This might be of interest to just a few, but I've been working hard to understand the degree to which global patterns of soil del15N represent differences in the proportion of gaseous N loss (fractionating loss hypothesis) vs. difference in the degree of decomposition of soil organic matter (microbial processing hypothesis).
There are few papers that try to contextualize losses of N via gaseous pathways vs. leaching, for example.
There also are few papers that look at spatial patterns of gaseous N flux, local or global.
Velthof 2000 did a great gradient study involving 162 flux chambers along 400 m of slope in a grassland.
This is probably the best study that asks whether spatial variation in gaseous N flux patterns soil del15N.
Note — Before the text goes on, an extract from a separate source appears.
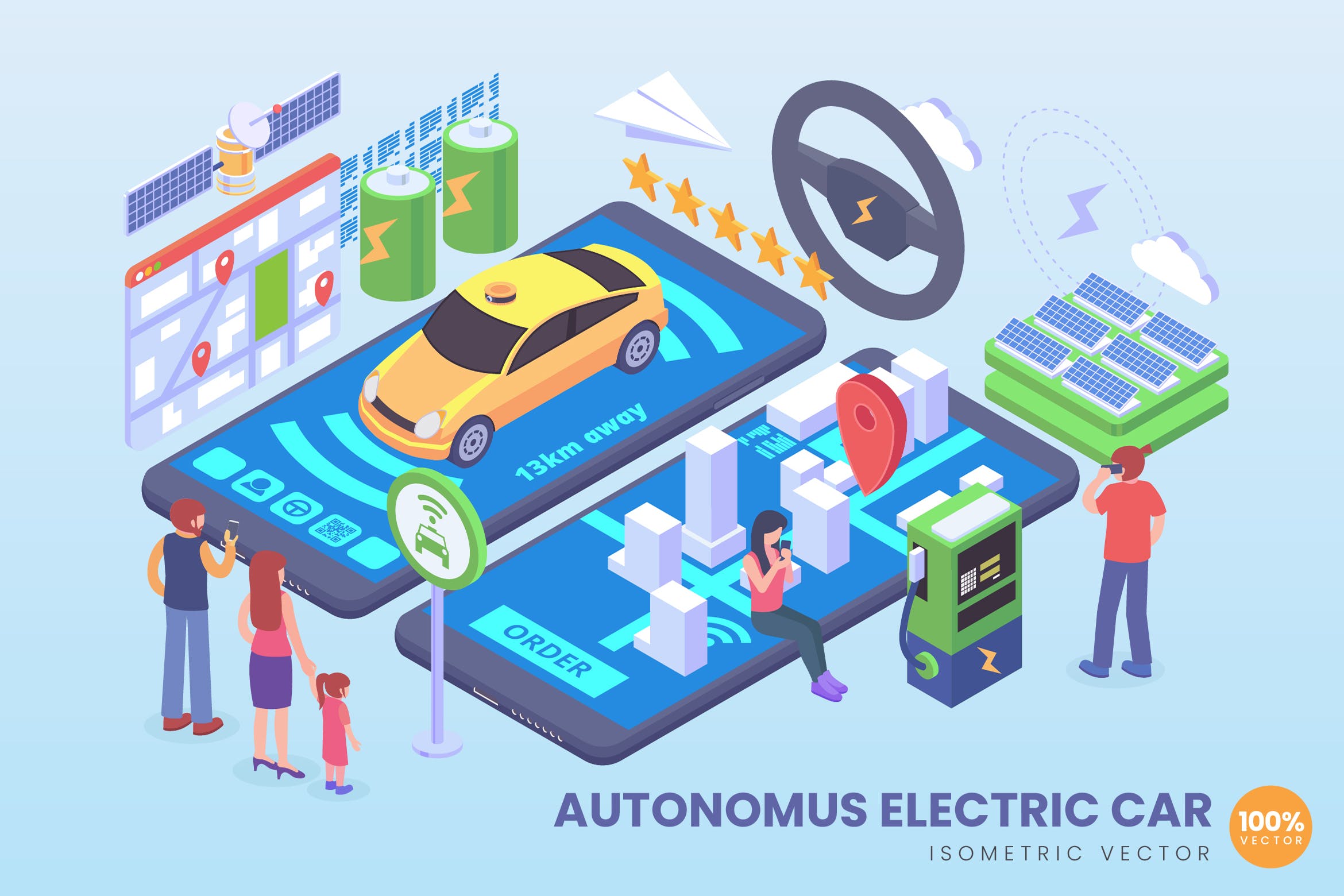 等距向量资产始终在视觉上具有吸引力。无论是用于Web图形,着陆页,横幅,图标,地图,信息图形,社交媒体,书籍以及其他相关插图用途,等距对象始终非常适合您的项目目标。在本系列中,我们精心制作并向您展示了自主电动汽车等距向量概念。这个华丽的概念是100%向量,您可以将向量AI文件调整为任意大小,而不会降低其质量。我们希望您能喜欢 :)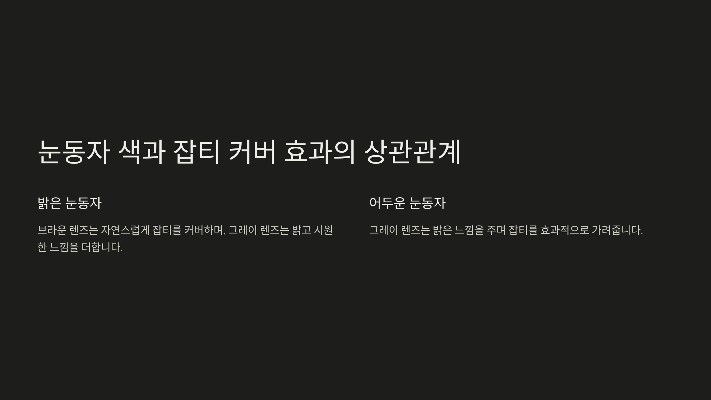 눈동자의 색상에 따라 컬러 렌즈가 피부 톤과 잡티 커버에 미치는 영향이 달라질 수 있어요. 자연 눈동자 색이 짙거나 밝은 경우, 렌즈 컬러 선택 시 주의할 점이 조금 달라요.

At least over 4 days of measurements, they found a good correlation between the two.
Best correlations were with shallow soils (0-5 cm). r2 was about 0.4. But correlations for del 15N of soils even just 10-15cm deep were non-significant (r2 = 0.03, P > 0.3)
For what it's worth, they said that "Both the del15N values and N2O fluxes were highest at the steepest part of the slope."
Would steep slopes also have more processed OM?
Velthof, G. L., J. W. van Groenigen, G. Gebauer, S. Pietrzak, S. C. Jarvis, M. Pinto, W. Corre, and O. Oenema. 2000. Temporal stability of spatial patterns of nitrous oxide fluxes from sloping grassland. Journal of Environmental Quality 29:1397-1407.